Beneath the back-alley diction and profanity, the book is well-written and the plot escalates smoothly. Unlike many other novels that attempt to expose street life, Rage balances the various forms of drama as it tells a complex story that features drugs, family issues, school, and hints of racism. Overall character development is authentic and impressive as readers are given a detailed account of Dondi Vance’s internal conflicts, beliefs, and views. Mansbach successfully transforms the capricious 18-year-old by giving him a purpose, and to an extent, solidifying his bonds with family.  However, some character interactions and pieces of dialogue, while witty and amusing, seemed over-done in an attempt to impress.

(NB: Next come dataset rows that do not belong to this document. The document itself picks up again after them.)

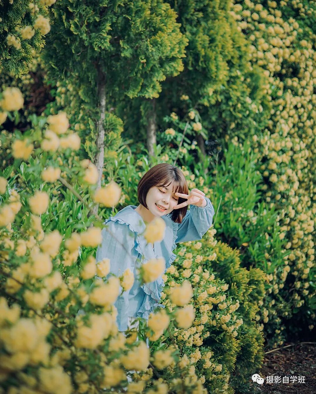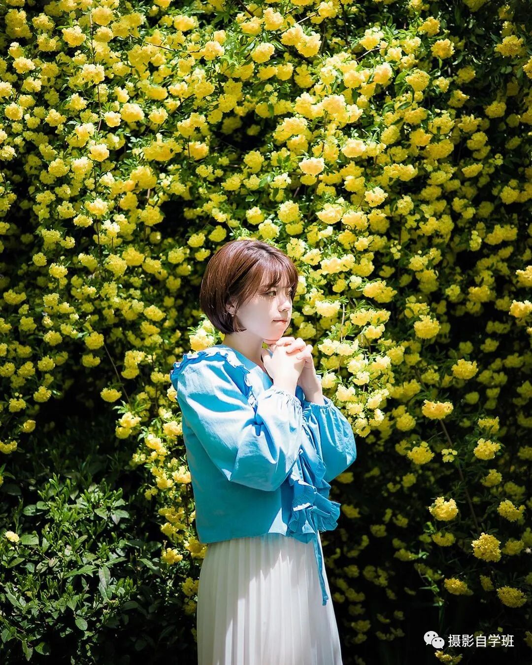 无论春天、夏天、还是秋天,总有盛开的花墙,但有些时候,被拍摄的人,不适合隐藏在花墙中。看上图,这种花墙有明显的枝条,枝条,即使在前景中虚化了,也会让照片看起来有点乱。而这种情况,可以像下图这样,让人站在花墙外,以花墙为背景拍摄,就会更好看一点了。
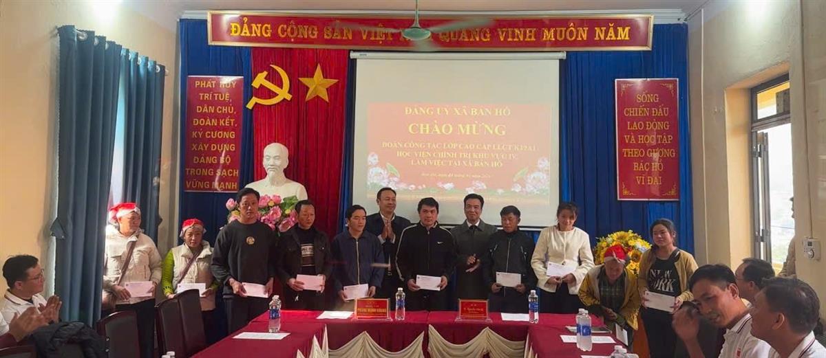 Nhân dịp này, Đoàn nghiên cứu thực tế lớp Cao cấp lý luận chính trị K19A1 đã trao tặng 20 suất quà cho các hộ đồng bào dân tộc thiểu số thuộc diện hộ nghèo, cận nghèo trên địa bàn xã Bản Hồ. Những phần quà thể hiện sự sẻ chia, tinh thần trách nhiệm xã hội của tập thể lớp, góp phần động viên các hộ dân đón Tết, vui Xuân thêm ấm áp, nghĩa tình.
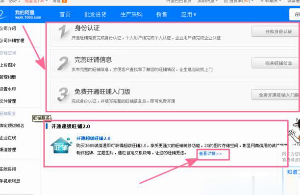 步骤7、、点击后,在出现的页面中,会看到相关的开通旺铺的一些相关信息说明,以及一些详细资料。点击下面的一个“查看详情”。
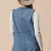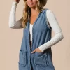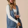 Braided Trim Open Front Denim Vest With Pockets – Medium
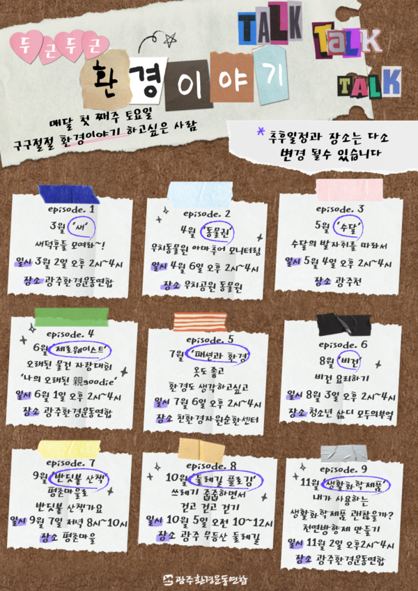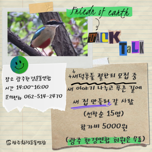 광주환경운동연합은 환경에 관심 있는 시민을 대상으로 환경수다카페 ‘두근두근 환경이야기’ 프로그램 참여자를 모집한다.
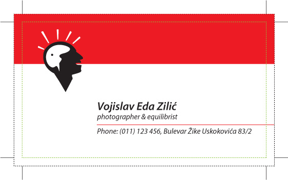 Vizit karte Vizit karte štampamo u različitim formatima - standard je 9x5 cm. Da bi vizit karta bila dobro isečena, i/ili odštampana neophodno je napraviti bleeding ( prepust, margo, obrez, ili već kako ko to zove ) od 3 mm sa svake strane. Dakle, sve što treba da ide do ivice vizit karte od 9x5 cm ( slika, boja, linije... ), mora da ide i u bleeding do 9.6x5.6 cm ( u ovom slučaju crvena boja podloge i linija ). Vodite računa da tekst ( i sve drugo što vam je srcu drago ) bude uvučeno barem 3 mm od linije sečenja. Sve što važi za format 9x5, važi i za bilo koji drugi format vizitkarte. Veličina fajla koji treba doneti: 9.6 x 5.6 cm ( + cajtne )

In the book, another character called Cloud 9 briefly takes over the narration. The cleverness of the narrative shift is extended by the book’s change in presentation: there are no quotations marks to distinguish spoken dialogue from narration, and accurate spelling is nowhere to be found. Because Cloud 9 had recently returned from a fifteen-year jail sentence, this grammatical deterioration works nicely. Mansbach further tinkers with the structure of the novel by incorporating several short stories about Dondi Vance’s mother, Karen.

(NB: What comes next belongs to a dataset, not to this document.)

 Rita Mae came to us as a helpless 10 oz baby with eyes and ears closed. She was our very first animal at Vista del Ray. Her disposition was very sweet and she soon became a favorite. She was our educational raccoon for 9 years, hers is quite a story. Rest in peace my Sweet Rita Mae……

Rage alluded to a number of pop-culture references that I didn’t understand, and periodically threw in sentences long enough to require a second reading. Also, some parts of the book were repetitive and too stale to hold my interest for long. Mansbach’s experimental style could eventually wear on a reader who prefers more succinct descriptions of setting and background.  Though I liked the bittersweet revenge of the ending, I found the last couple of pages to be slightly excessive and forced. Nonetheless, Mansbach’s novel finishes on a definite note, leaving no loose ends for characters or readers to wonder about afterwards.